(Records to process Opens)

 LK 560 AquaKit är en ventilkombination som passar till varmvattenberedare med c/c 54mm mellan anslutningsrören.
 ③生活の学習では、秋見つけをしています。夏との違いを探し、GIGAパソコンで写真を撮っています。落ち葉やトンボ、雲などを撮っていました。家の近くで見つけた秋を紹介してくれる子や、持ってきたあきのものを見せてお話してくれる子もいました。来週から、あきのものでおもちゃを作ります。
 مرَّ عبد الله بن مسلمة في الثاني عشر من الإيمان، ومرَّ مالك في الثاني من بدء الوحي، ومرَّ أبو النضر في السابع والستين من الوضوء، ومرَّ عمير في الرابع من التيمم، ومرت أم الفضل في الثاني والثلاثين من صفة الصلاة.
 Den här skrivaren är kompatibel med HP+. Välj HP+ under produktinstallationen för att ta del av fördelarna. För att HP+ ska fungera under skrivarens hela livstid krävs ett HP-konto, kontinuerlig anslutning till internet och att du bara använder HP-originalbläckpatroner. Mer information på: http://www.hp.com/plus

(Records to process Closes)
(Records to process Opens)

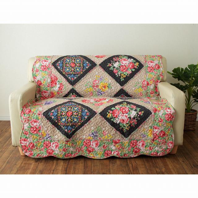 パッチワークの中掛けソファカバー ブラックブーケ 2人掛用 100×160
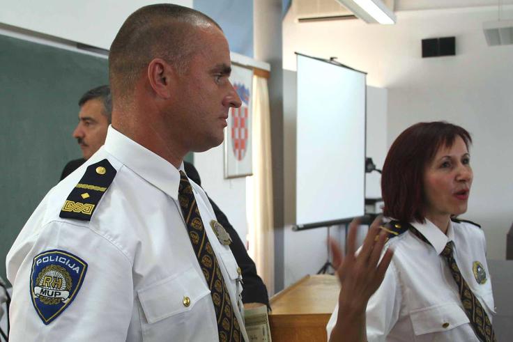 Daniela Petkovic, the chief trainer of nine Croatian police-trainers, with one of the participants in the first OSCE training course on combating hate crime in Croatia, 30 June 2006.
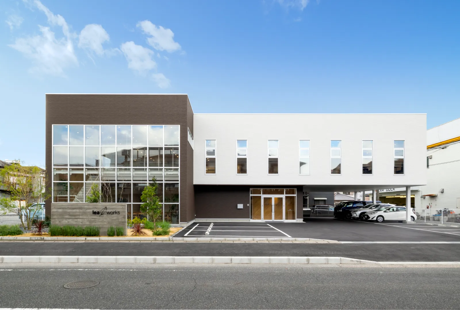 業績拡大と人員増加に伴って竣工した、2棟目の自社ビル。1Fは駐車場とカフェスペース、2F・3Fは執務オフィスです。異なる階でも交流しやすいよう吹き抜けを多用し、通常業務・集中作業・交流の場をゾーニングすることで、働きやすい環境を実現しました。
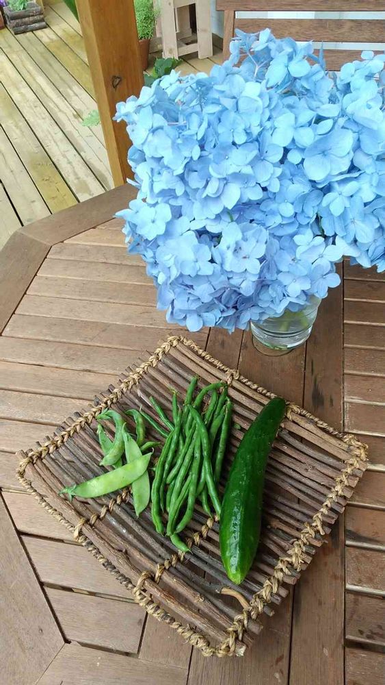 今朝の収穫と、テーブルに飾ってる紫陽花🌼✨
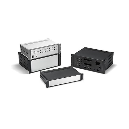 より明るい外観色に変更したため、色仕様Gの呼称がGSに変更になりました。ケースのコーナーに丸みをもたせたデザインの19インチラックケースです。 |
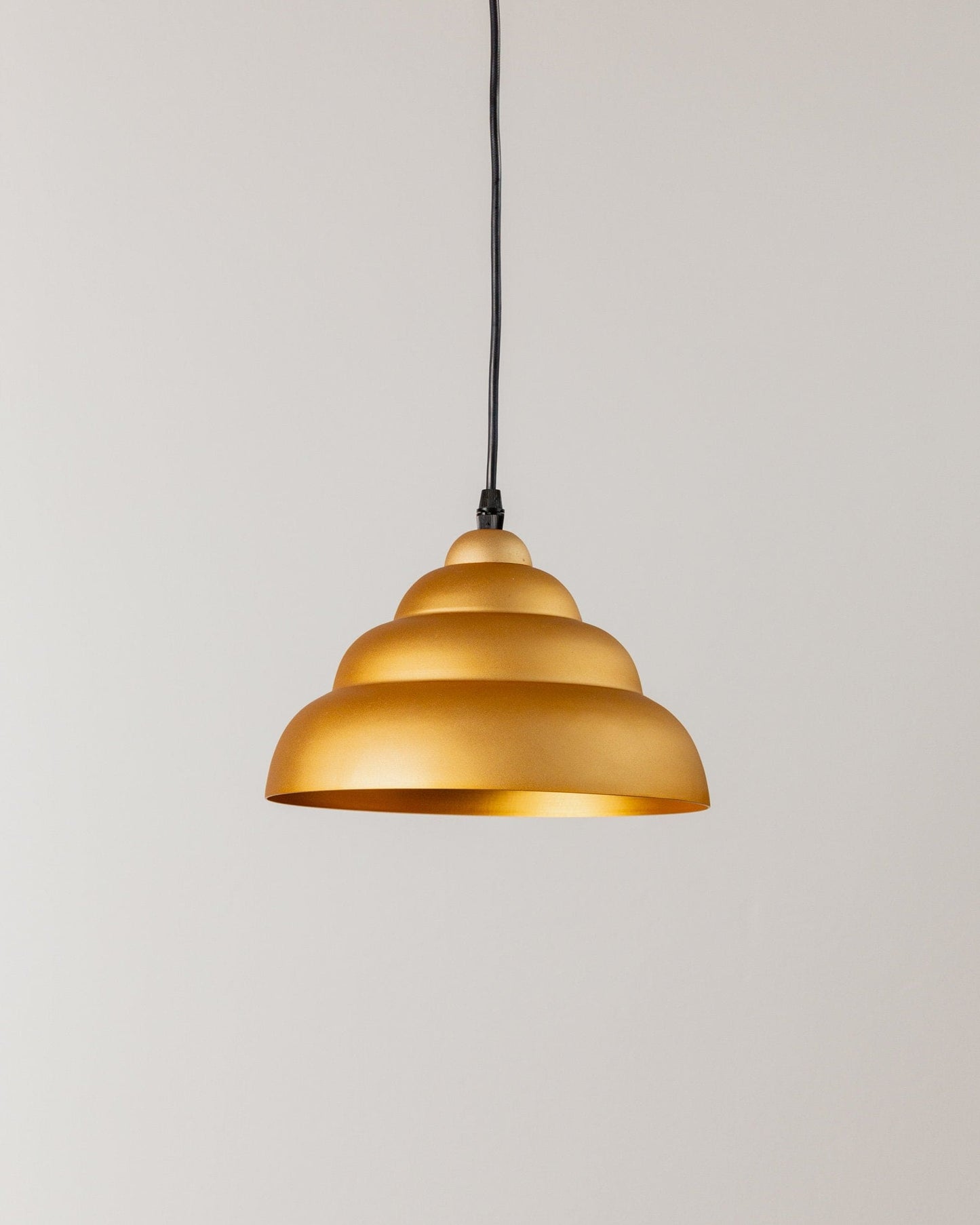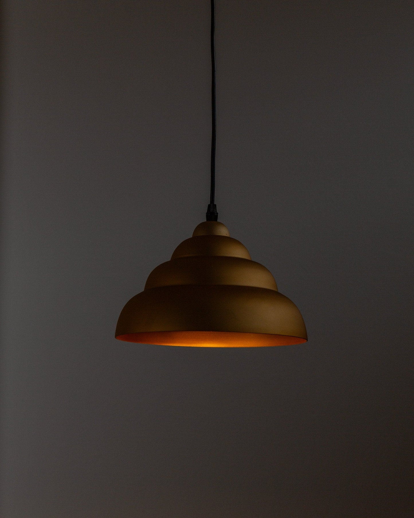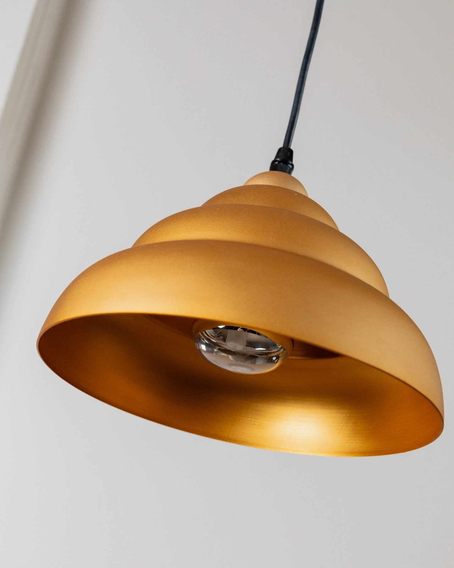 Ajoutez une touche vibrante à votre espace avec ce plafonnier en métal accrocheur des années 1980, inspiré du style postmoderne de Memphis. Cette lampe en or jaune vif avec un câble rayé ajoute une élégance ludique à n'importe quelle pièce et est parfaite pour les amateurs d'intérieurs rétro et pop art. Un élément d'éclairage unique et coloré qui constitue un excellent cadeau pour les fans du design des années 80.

(Records to process Closes)
(Records to process Opens)

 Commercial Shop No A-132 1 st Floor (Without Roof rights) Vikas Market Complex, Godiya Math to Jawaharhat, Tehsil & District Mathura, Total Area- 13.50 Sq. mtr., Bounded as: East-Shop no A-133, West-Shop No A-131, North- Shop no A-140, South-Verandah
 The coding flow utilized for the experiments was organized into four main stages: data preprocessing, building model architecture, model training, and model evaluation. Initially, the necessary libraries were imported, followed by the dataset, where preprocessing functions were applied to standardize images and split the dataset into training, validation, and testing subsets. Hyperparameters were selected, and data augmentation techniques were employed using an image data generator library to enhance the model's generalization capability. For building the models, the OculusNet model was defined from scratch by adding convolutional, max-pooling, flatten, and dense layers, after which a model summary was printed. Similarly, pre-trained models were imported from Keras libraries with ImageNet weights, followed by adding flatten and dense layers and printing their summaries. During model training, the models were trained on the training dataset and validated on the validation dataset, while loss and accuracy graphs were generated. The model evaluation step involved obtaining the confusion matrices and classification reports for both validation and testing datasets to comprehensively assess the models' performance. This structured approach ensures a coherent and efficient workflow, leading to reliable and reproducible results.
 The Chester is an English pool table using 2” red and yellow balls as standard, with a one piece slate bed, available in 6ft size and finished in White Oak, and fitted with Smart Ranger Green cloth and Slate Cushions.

(Records to process Closes)

Print only what lies in the material above starting at the line with "LK 560 AquaKit" and ending at the line with "Den här skrivaren", every line exactly as given.

## Task solution:
 LK 560 AquaKit är en ventilkombination som passar till varmvattenberedare med c/c 54mm mellan anslutningsrören.
 ③生活の学習では、秋見つけをしています。夏との違いを探し、GIGAパソコンで写真を撮っています。落ち葉やトンボ、雲などを撮っていました。家の近くで見つけた秋を紹介してくれる子や、持ってきたあきのものを見せてお話してくれる子もいました。来週から、あきのものでおもちゃを作ります。
 مرَّ عبد الله بن مسلمة في الثاني عشر من الإيمان، ومرَّ مالك في الثاني من بدء الوحي، ومرَّ أبو النضر في السابع والستين من الوضوء، ومرَّ عمير في الرابع من التيمم، ومرت أم الفضل في الثاني والثلاثين من صفة الصلاة.
 Den här skrivaren är kompatibel med HP+. Välj HP+ under produktinstallationen för att ta del av fördelarna. För att HP+ ska fungera under skrivarens hela livstid krävs ett HP-konto, kontinuerlig anslutning till internet och att du bara använder HP-originalbläckpatroner. Mer information på: http://www.hp.com/plus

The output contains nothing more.